Brunei Prepared To Weather Financial Storm

| 13/12/2008 | Reply

Brunei Prepared To Weather
Financial Storm

By Azaraimy HH

Bandar Seri
Begawan –
While the low business set-up costs in Brunei are
pleasing, the number of ‘transactions’ required to set up a new
business remains a bureaucratic hitch, a situation which urgently
needs improvement for the sake of FDIs.

This is an
element, which according to Paulius Kuncina, the Regional
Editor at Oxford Business Group, during a press conference
after a launching ceremony of ‘The Report: Brunei Darussalam
2008″, should rank high on a list for improving the local
business environment.

According to him, the drop
in global oil prices is a blessing in disguise for the
country as it further promotes a sense of urgency for the
nation’s economic diversification.

The Bulletin asked Kuncina
to elaborate on the red tape problem.
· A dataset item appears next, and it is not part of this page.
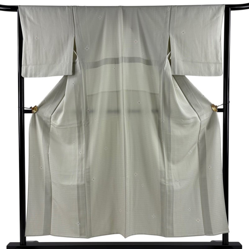 【着物ランク】秀品 【素材】正絹 【身丈】約152cm 【裄丈】約65.5cm 【袖丈】約47cm 【袖幅】約33cm 【前幅】約25cm 【後幅】約30.5cm 【サイズ】M 【着物仕立て】単衣 【着用時期】6/9月 【状態ランク】ランクB 【着物着用シーン】気軽なパーティー、観劇、食事会、正月、気軽なお茶会、街着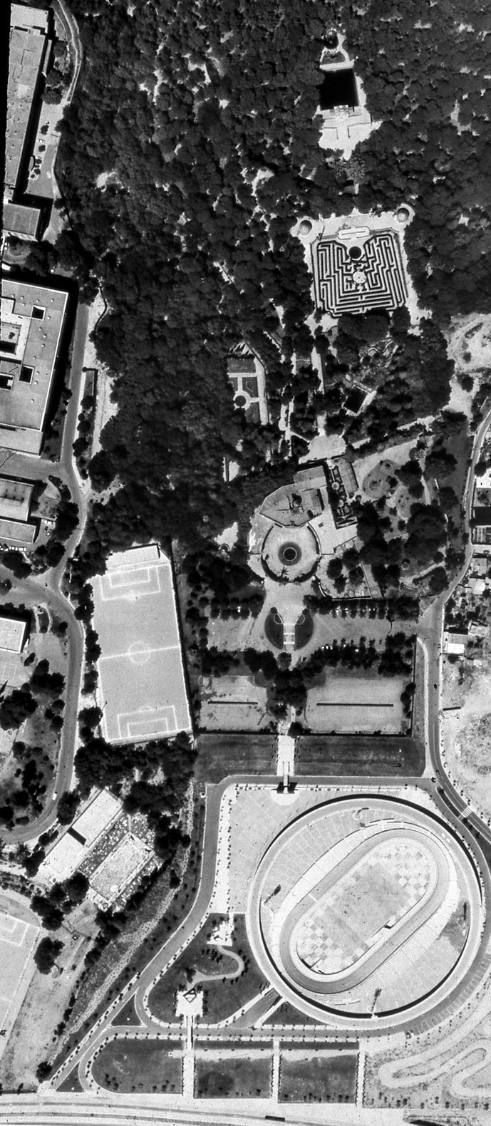Una de les decisions principals del projecte arquitectònic va ser tancar el recinte amb un pòrtic circular que permet una simbiosi 360º amb l’entorn: l’edifici té la mateixa forma vist des de tots els angles. Aquesta forma, a més, permet cobrir-lo amb una cúpula.

He was also asked to
elaborate on his reason supporting the continued pegging of
Brunei’s currency to Singapore’s and why a drop inoil prices would benefit Brunei.
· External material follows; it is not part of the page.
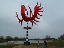 De Vuurvogel is gemaakt van plaatstaal en bestaat uit een vuurrode vogel die met de snavel balanceert op een paal met zwarte en witte banden. De vogel fungeert als windwijzer. Halverwege de paal is een windroos aangebracht. De hoogte van het geheel is 9,5 m, de spanwijdte 10,5 m. Het gewicht is 2250 kg, hetgeen het draaien van de vogel niet belemmert. Cornelis Huisman (1939), de kunstenaar, heeft een werktuigbouwkundige achtergrond.

“First of all, it is my view as
someone who follows a number of countries in Asia that Brunei is
possibly one of the best prepared countries in the region to weather
the financial storm.

“That is primarily due to the
nature of the crisis. In contrast to many countries, Brunei does not
have significant external financing

needs and continues to enjoy a
healthy current account surplus. The financial crisis is hitting
hardest the countries that suffer from significant current account
deficits and have been caught up in a liquidity trap unable to
refinance their debts. Pakistan is the most acute example of that.”
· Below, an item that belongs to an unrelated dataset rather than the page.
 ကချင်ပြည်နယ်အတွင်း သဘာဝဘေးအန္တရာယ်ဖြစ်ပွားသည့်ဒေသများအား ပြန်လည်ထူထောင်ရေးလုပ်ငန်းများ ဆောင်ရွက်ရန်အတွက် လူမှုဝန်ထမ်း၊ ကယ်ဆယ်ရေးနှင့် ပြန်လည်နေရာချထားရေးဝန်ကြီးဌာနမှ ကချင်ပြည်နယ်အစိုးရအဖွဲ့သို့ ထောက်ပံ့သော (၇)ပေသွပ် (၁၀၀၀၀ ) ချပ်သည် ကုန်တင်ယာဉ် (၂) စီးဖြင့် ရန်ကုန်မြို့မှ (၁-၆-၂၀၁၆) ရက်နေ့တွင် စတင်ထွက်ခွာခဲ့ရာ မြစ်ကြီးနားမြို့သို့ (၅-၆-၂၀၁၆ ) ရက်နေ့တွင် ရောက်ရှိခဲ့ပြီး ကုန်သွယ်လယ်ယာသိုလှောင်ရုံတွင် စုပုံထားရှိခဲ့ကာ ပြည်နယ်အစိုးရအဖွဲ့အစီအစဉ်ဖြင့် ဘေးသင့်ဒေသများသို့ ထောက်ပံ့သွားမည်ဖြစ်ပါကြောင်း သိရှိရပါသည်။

In contrast, he said Brunei has
traditionally been a net exporter rather importer of financial
capital and has over the years built up a healthy cushion of
reserves which will stand it in good stead during these challenging
times.

Another advantage is that Brunei’s
currency remains stable with no risk of sudden financial outflows
that have been the cause of pain for many countries such as
Indonesia.

The Singapore dollar which Bruneian
dollar is pegged to has depreciated against other currencies, which
might actually help Brunei to improve its export competitiveness.
The risk of the Singaporean dollar going into free-fall is very low
given its government’s high reserves ? hence there is also little
currency risk

for Brunei.

But looking beyond resilience to
the ongoing financial crisis – which has yet to play itself out – we
have identified several key long term comparative advantages which
put Brunei in a good position to build on, he said.

He spelt out reasons why Brunei is
holding up well in the face of the financial crisis.

Like most surplus current account
countries, Brunei has plenty of room for fiscal expansion at home to
offset the weakening external demand conditions for its main oil and
gas export commodities.

Lower prices of oil on
international markets may well prove to be a blessing in disguise as
it will put more pressure on Brunei’s diversification efforts.
Oxford Business Group has long maintained that the share of oil and
gas in the country’s GDP needs to be reduced to unlock great
potential in services and non-oil and gas industries.

When the oil prices were very high,
the main issue was that the opportunity cost of using domestic oil
and gas to develop new downstream sectors was quite high. He said
that was the main sticking point in rolling out such high-profile
projects like the Brunei Methanol Company.

The correction in oil prices
therefore favours economic diversification ? something Brunei has
been pursuing for a number of years now.

“It is very fortuitous that Brunei
already has a well articulated government-backed development plan
which is rich in strategic content and looks beyond the cyclical
nature of financial crisis. In contrast to other nations in the
region, Brunei has gone much further in recognising the needs of
future generations.”

In contrast, most of the current
stimulus packages being launched in China, Europe and the US were
largely in response to the crisis and may well prove to be lacking
on strategic insight, he said.

Brunei’s Vision 2035, on the other
hand, has already been in the works for a number of years and has
been painstakingly developed to focus on realistic long term areas
of economic growth.

“We already have an advanced
economic agenda in new economy areas such as downstream oil and gas,
transport, halal food products, tourism and Islamic finance. The
most promising of these are Sungai Liang Industrial Park and Pulau
Muara Besar projects that create clusters of economic activity and
have significant spin-off potential as well strong backing from
local authorities.”

The main negative consequence of
the financial crisis on Brunei is that the crisis has really hit the
private sector, which now faces difficult access to financing from
banks. Although, this issue may be less acute in Brunei, the
government will need to step in to play the role of financial
intermediation, where banks are unable to do so. That is
particularly true in more risky projects that involve SMEs, services
and agriculture, he said.

One of the consequences of the
crisis is therefore the new challenge of reducing the size of the
government and encouraging the development of the private sector.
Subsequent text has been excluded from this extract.